Labour Minister Yiannis Panayiotou met with the heads of top employers’ organisations in Cyprus, Keve (the Cyprus Chamber of Commerce), and Oev (The Industrialist and Employers Federation).

Both Keve chief Marios Tsiakkis and Oev head Michalis Antoniou had previously raised concerns about severe labour shortages in Cyprus and had filed requests with the ministry to address the issue.

In statements after the meeting at the ministry, Panayiotou said, “Important steps have already been taken and more are planned to be implemented.”

He added that the meeting confirmed a consensus on the needs of the labor market in line with the growth of the economy.

Panayiotou said that Oev and Keve were informed in detail about the statistics and figures and expressed confidence that “with the cooperation of Oev and Keve, the business community, and the social partners, we will manage together to respond effectively to the challenges and to further strengthen the Cypriot economy for the collective good of our country.”

“It is important for all stakeholders to work together to better regulate the labor market so that, along with the rational entry of third-country nationals, it becomes more attractive for Cypriots and other European workers,” he said.

On the measures that have either been launched or have started to be implemented, the minister said that “the time taken to process applications for work permits for third-country nationals has been reduced compared to the corresponding periods in previous years, with a view to rapidly achieving the target of completing the processing of applications within one month of their submission.”

He also said that the internal application management process is being streamlined to address bureaucracy through updating the relevant forms submitted and simplifying the accompanying data.

“The start of the submission of applications for third-country national work permits for the hotel industry has been brought forward by three months, and applications have started to be submitted and examined from December 1, 2023, instead of March, as was previously the case,” he said.

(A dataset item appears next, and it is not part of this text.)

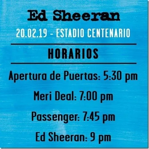 La producción del espectáculo sugiere asistir con tiempo para acceder a los lugares sin demoras, y también para aquellos que quieran ver las presentaciones previas a la de Sheeran. Las puertas del Centenario se abren a las 17.30 horas, y Meri Deal abre la jornada a las 19 horas. Sigue Passenger a las 19.45 y, finalmente, a las 21 horas el baladista pelirrojo sale a escena.

In addition, Panayiotou said that a procedure for pre-approval of work permits for the replacement of asylum seekers within the prescribed limits is planned to be implemented for timely filling of the vacancies created to limit the staffing gaps that arise.

He added that the government is looking into allowing third-country nationals studying in Cyprus to work here.

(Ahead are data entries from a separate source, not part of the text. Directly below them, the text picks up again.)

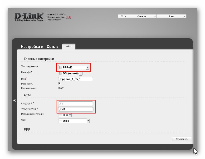 VCI – 32; тип: PPPoE; Encapsulation Mode: LLC/SNAP-BRIDGING; Username и Password узнайте у провайдера;
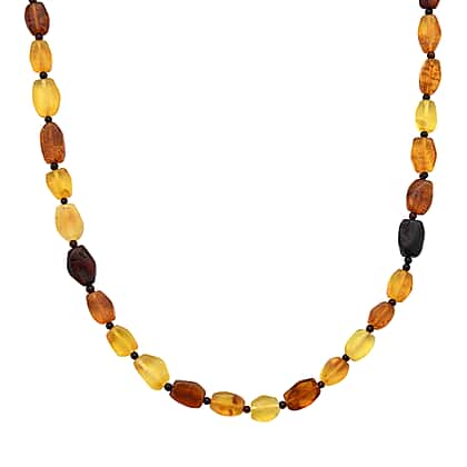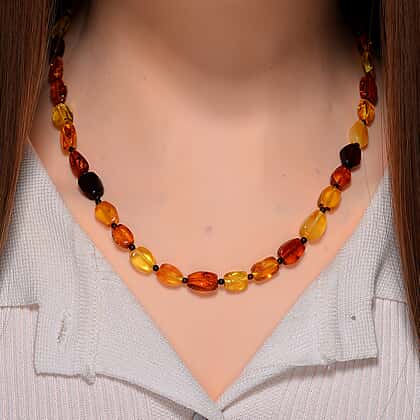 This exquisite Natural Baltic Amber necklace offers a harmonious blend of earthy hues ranging from honeyed yellows to deep browns. Each amber bead showcases its unique texture and warmth, forming a timeless design that radiates natural charm. The necklace is secured with a sterling silver magnetic clasp, combining convenience with elegance. Amber, known for its historical value and soothing energy, makes this piece a perfect choice for collectors and enthusiasts alike. Hypoallergenic and tarnish-resistant, the sterling silver ensures a long-lasting shine, making it suitable for sensitive skin. Elevate your accessory collection with this statement piece.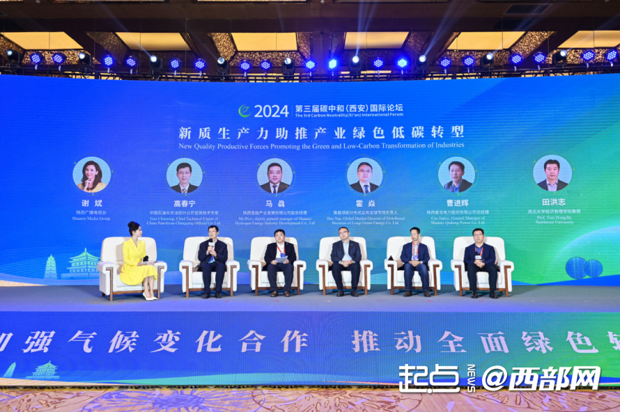 圆桌讨论环节,来自国内外高校及科研院所的专家学者和陕西氢能、长庆油田、隆基绿能、陕西秦龙等企业代表,围绕“新质生产力助推产业绿色低碳转型”“应对气候变化科技创新与人才培养国际合作”等议题进行讨论。

He also mentioned that the conclusion of bilateral agreements with third countries on the arrival of workers in a transnational framework is underway, which will allow the development of more effective staffing, while the process for the creation of a digital platform for the electronic submission and management of applications for work permits for third-country nationals has been launched.

According to the minister, the Aliens Branch of the Labour Department has been reorganised with the strengthening of staffing and supervision mechanisms and with an emphasis on the centralised management of applications for work permits for third-country nationals, to respond more effectively to the management of labour market needs.

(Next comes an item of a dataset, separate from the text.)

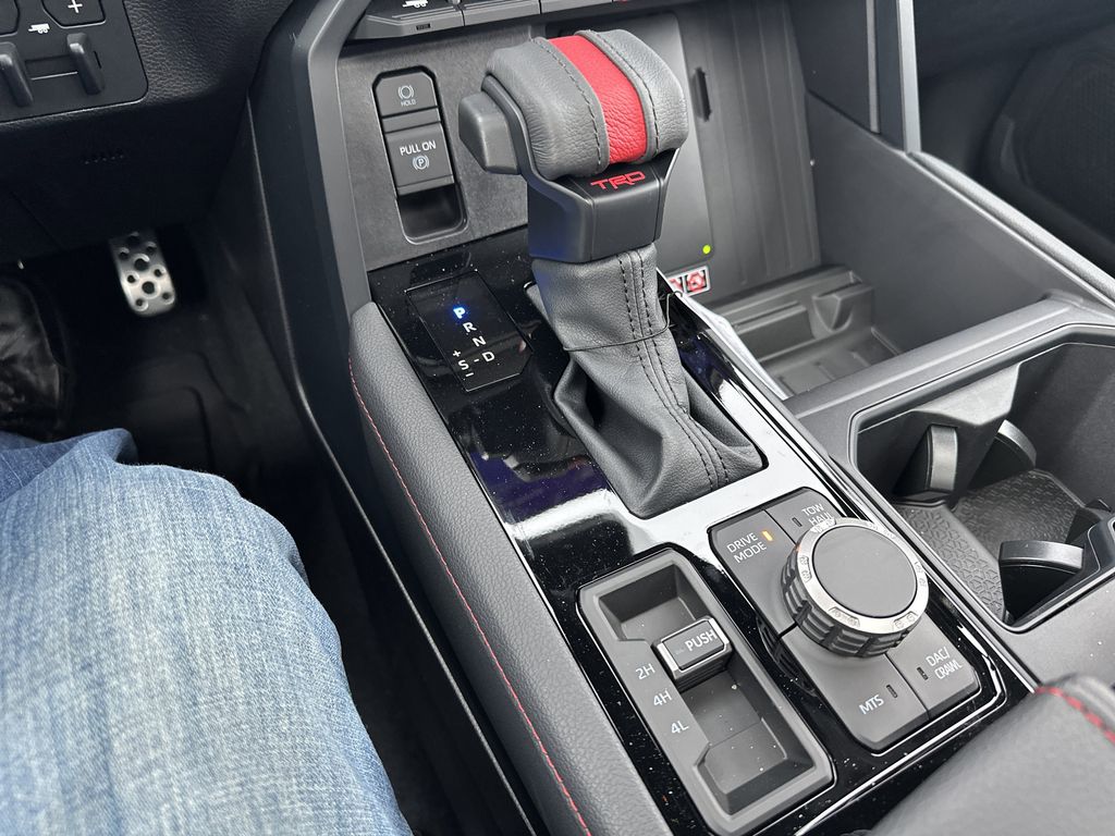 - TRD Pro red-striped leather-wrapped shift knob

He added that upgraded possibilities for automated information of employers on changes in the residence status of asylum seekers are put in place to avoid registering them as employers or continuing their employment after rejection of their application for international protection, as well as to avoid employment in occupations to which they do not have access or during the period when the prescribed period of nine months has not been completed.

According to the minister, an updated catalogue of jobs open to third-country nationals will be made public in January.

In statements after the meeting, Antoniou said that there is good cooperation and added that the responsibility of employers’ organisations to prescribe the size of the needs is a long-standing process that is being carried out in a “convincing manner.”

He said that the planning was done many years ago and adjustments were needed, which the minister has shown can be adopted as they arise.

Antoniou said that the demographic problem creates reflexive problems in the labor market, and the participation of pure Cypriots in the market is decreasing.

“The only solution is to meet these needs with workers from third countries,” he said, referring to the need to implement decisions quickly.

Asked about the number of workers needed by the labour market and in which sectors, Keve’s Tsiakkis said that the exact numbers are not easy to determine, but there are certainly great needs in the hotel industry, which starts operating in April 2024. He added that these needs may reach 10,000 to 12,000.

Tsiakkis said that the ministry has been accepting applications since this month and has been reviewing them, and approvals have been given for some of them. He also said that too many people are needed in retail, but also in restaurants and perhaps fewer positions in the construction sector.

“There are needs across the economy, both unskilled and skilled,” he said.